→ EXERCISE AIM: Return each line below exactly as it reads, and omit any image in it.

→ RECORDS FOR THE TASK:
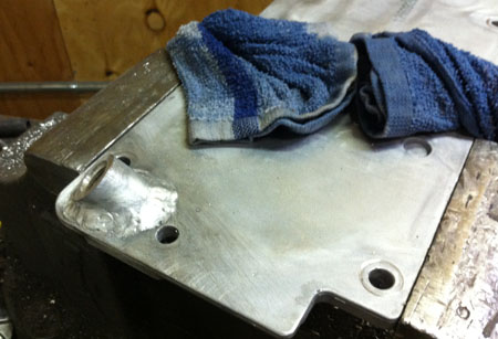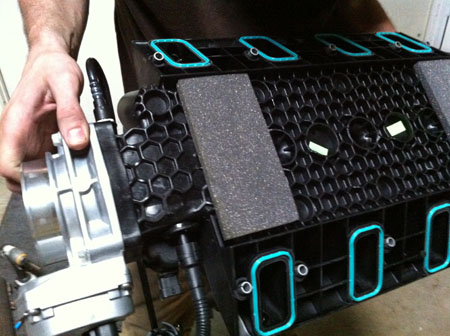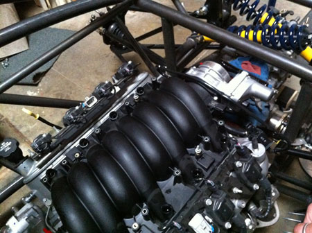 I really like the all-engine 'posture' of the D2. Yes, this is exactly what I envisioned when I added it to our list of designs to develop. Size of an Exige, 400 lbs (25%) less weight, twice the power and torque. Just about right. Getting both the first D2 and the Stiletto running are among the top priorities going forward. Much work needs to be done and true to our core philosphy of leveraging technology across several designs, work on one will directly apply to the other. So we have now test-fitted the engine and transmission in the first D2. Getting the wiring, controls, exhaust and other systems together is next along with a myriad other tasks. Stiletto will get its own blog updates shortly. I eagerly look forward to driving these beasts so that is added motivation as well. 09/06/12 Some tangible progress on the D2. Much of the design work lately has taken place in my head (it's all a part of the process) and some in CAD. There is also a list of concrete steps that we need to take to get to a drivable car. One of the items on the list is turning the intake manifold around so that the airbox can live behind the engine, where there is (more) room for it. The procedure is well documented on the internet by several bloggers. The issue is relocating the oil pressure sensor that normally prevents flipping the intake by sticking out vertically from a spacer plate, and interfering with the throttle body. Some solutions are better than others. For ours, Tristan has figured out exact angle that the sensor has to be at while still fitting in more or less the original location. Some grinding, some welding and we're one step further along.
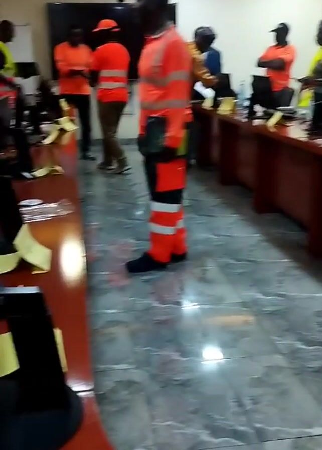 Here is a detailed description of the video: **Scene:** The video appears to be taken inside an office setting. **Environment:** The room has a polished marble-like tile floor. The walls are a light color, possibly white or off-white, with ceiling lights that provide bright illumination. There is a large wooden table that spans the length of the video, with several computer monitors placed along the table. **People:** There are several individuals in the room. Most of them are wearing safety vests and/or reflective striped pants and shirts. The color of the safety vests and shirts varies, including orange and yellow. Some are wearing hats or caps. There are at least 6 people in the video. **Objects:** Several desktop computers are present along the table. The camera lingers on a desktop littered with sticky notes, a bottle of soda, and a keyboard. **Actions:** People are standing, walking, and possibly looking at documents. One individual is speaking while gesturing with his hand. **Interactions:** The people appear to be engaged in a discussion or briefing, possibly related to a work project. They are standing around the long table, presumably discussing something related to the computer monitors and documents on the table. **Additional notes:** The presence of safety vests and reflective clothing suggests that the people are potentially involved in construction, engineering, or another industry where safety attire is required.
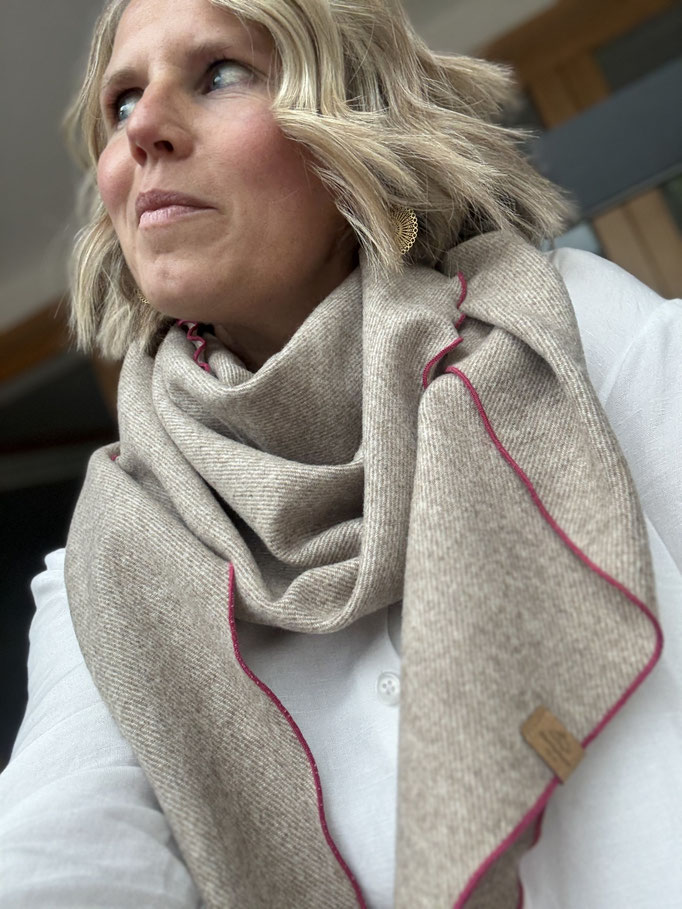 Weicher, kuschelig warmer Merinoloden aus Bayern verarbeitet zu einem Tuch in Dreiecksform, das sich ganz vielseitig kombinieren lässt.
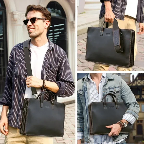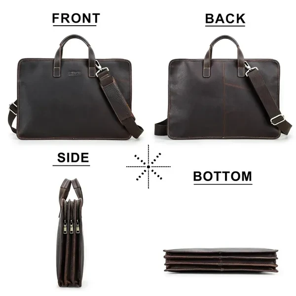 CONTACT'S Genuine Leather Briefcase for 15.6 inch Computer Bag Shoulder Messenger Bag Laptop Bags Business Handbag
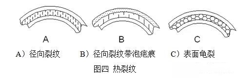 4.熱裂紋(見圖四)  密封面上產(chǎn)生的細裂紋有三種:A)徑向裂紋;B)徑向裂紋帶有水泡或疤痕;C)表面龜裂。陶瓷或硬質(zhì)合金環(huán)密封面尤其容易產(chǎn)生這種損傷。這種裂紋象切削刀刮削碳石墨環(huán)或其它材料的密封面一樣,會很快使對磨的軟環(huán)凸臺消失完。產(chǎn)生熱裂最普遍的原因是:缺乏適當?shù)臐櫥屠鋮s措施,密封面液膜汽化蒸發(fā),PV值高等。
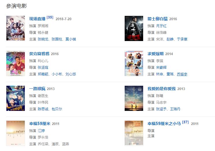 代表作品:我愛的是你愛我、鐵血紅安、杉杉來了、女醫(yī)·明妃傳
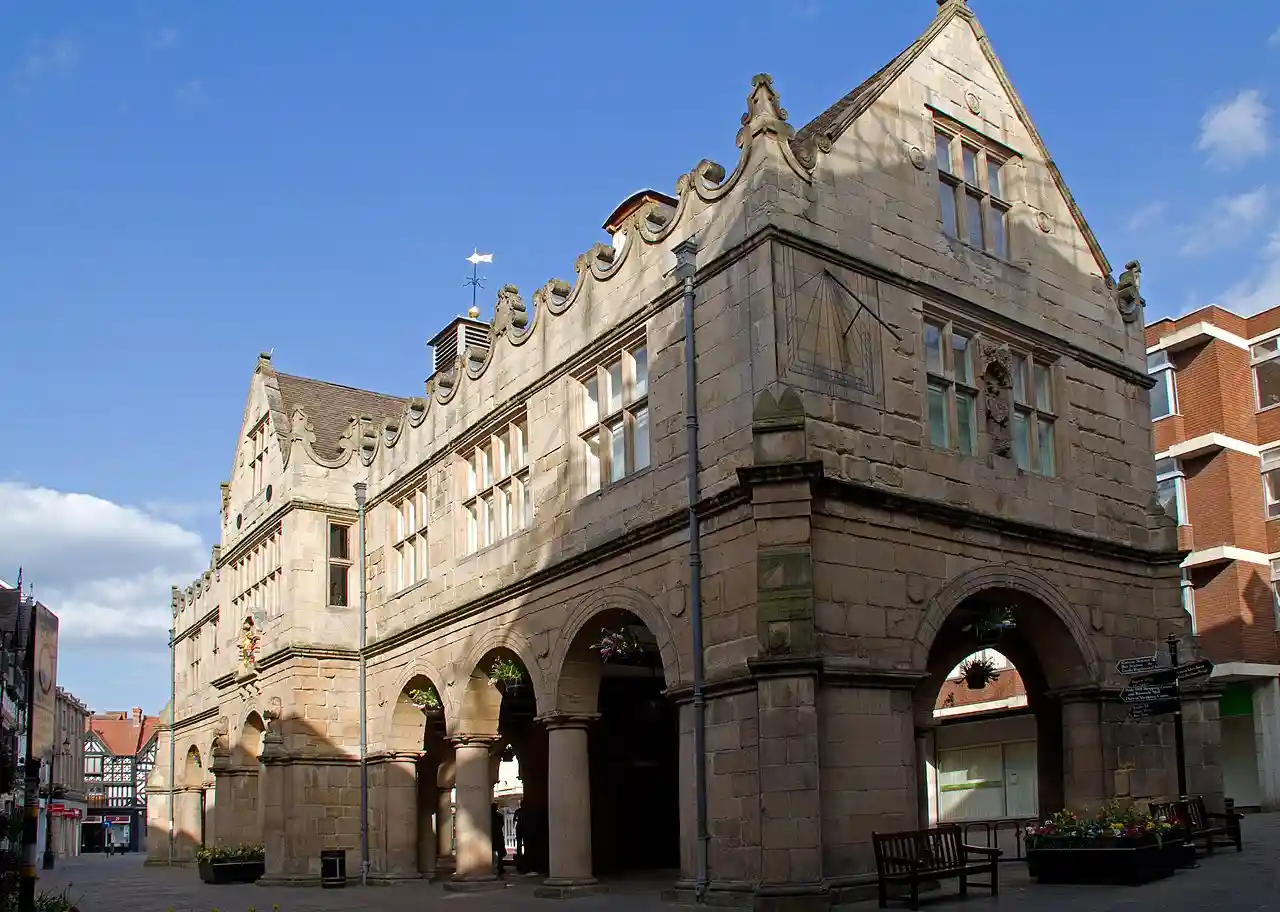 The Old Market Hall (in recent years branded as the "OMH") is an Elizabethan building situated in the town centre of Shrewsbury, the county town of Shropshire, England. It is a Grade I listed building. Read more on Wikipedia

→ YOUR RESPONSE:
 I really like the all-engine 'posture' of the D2. Yes, this is exactly what I envisioned when I added it to our list of designs to develop. Size of an Exige, 400 lbs (25%) less weight, twice the power and torque. Just about right. Getting both the first D2 and the Stiletto running are among the top priorities going forward. Much work needs to be done and true to our core philosphy of leveraging technology across several designs, work on one will directly apply to the other. So we have now test-fitted the engine and transmission in the first D2. Getting the wiring, controls, exhaust and other systems together is next along with a myriad other tasks. Stiletto will get its own blog updates shortly. I eagerly look forward to driving these beasts so that is added motivation as well. 09/06/12 Some tangible progress on the D2. Much of the design work lately has taken place in my head (it's all a part of the process) and some in CAD. There is also a list of concrete steps that we need to take to get to a drivable car. One of the items on the list is turning the intake manifold around so that the airbox can live behind the engine, where there is (more) room for it. The procedure is well documented on the internet by several bloggers. The issue is relocating the oil pressure sensor that normally prevents flipping the intake by sticking out vertically from a spacer plate, and interfering with the throttle body. Some solutions are better than others. For ours, Tristan has figured out exact angle that the sensor has to be at while still fitting in more or less the original location. Some grinding, some welding and we're one step further along.
 Here is a detailed description of the video: **Scene:** The video appears to be taken inside an office setting. **Environment:** The room has a polished marble-like tile floor. The walls are a light color, possibly white or off-white, with ceiling lights that provide bright illumination. There is a large wooden table that spans the length of the video, with several computer monitors placed along the table. **People:** There are several individuals in the room. Most of them are wearing safety vests and/or reflective striped pants and shirts. The color of the safety vests and shirts varies, including orange and yellow. Some are wearing hats or caps. There are at least 6 people in the video. **Objects:** Several desktop computers are present along the table. The camera lingers on a desktop littered with sticky notes, a bottle of soda, and a keyboard. **Actions:** People are standing, walking, and possibly looking at documents. One individual is speaking while gesturing with his hand. **Interactions:** The people appear to be engaged in a discussion or briefing, possibly related to a work project. They are standing around the long table, presumably discussing something related to the computer monitors and documents on the table. **Additional notes:** The presence of safety vests and reflective clothing suggests that the people are potentially involved in construction, engineering, or another industry where safety attire is required.
 Weicher, kuschelig warmer Merinoloden aus Bayern verarbeitet zu einem Tuch in Dreiecksform, das sich ganz vielseitig kombinieren lässt.
 CONTACT'S Genuine Leather Briefcase for 15.6 inch Computer Bag Shoulder Messenger Bag Laptop Bags Business Handbag
 4.熱裂紋(見圖四)  密封面上產(chǎn)生的細裂紋有三種:A)徑向裂紋;B)徑向裂紋帶有水泡或疤痕;C)表面龜裂。陶瓷或硬質(zhì)合金環(huán)密封面尤其容易產(chǎn)生這種損傷。這種裂紋象切削刀刮削碳石墨環(huán)或其它材料的密封面一樣,會很快使對磨的軟環(huán)凸臺消失完。產(chǎn)生熱裂最普遍的原因是:缺乏適當?shù)臐櫥屠鋮s措施,密封面液膜汽化蒸發(fā),PV值高等。
 代表作品:我愛的是你愛我、鐵血紅安、杉杉來了、女醫(yī)·明妃傳
 The Old Market Hall (in recent years branded as the "OMH") is an Elizabethan building situated in the town centre of Shrewsbury, the county town of Shropshire, England. It is a Grade I listed building. Read more on Wikipedia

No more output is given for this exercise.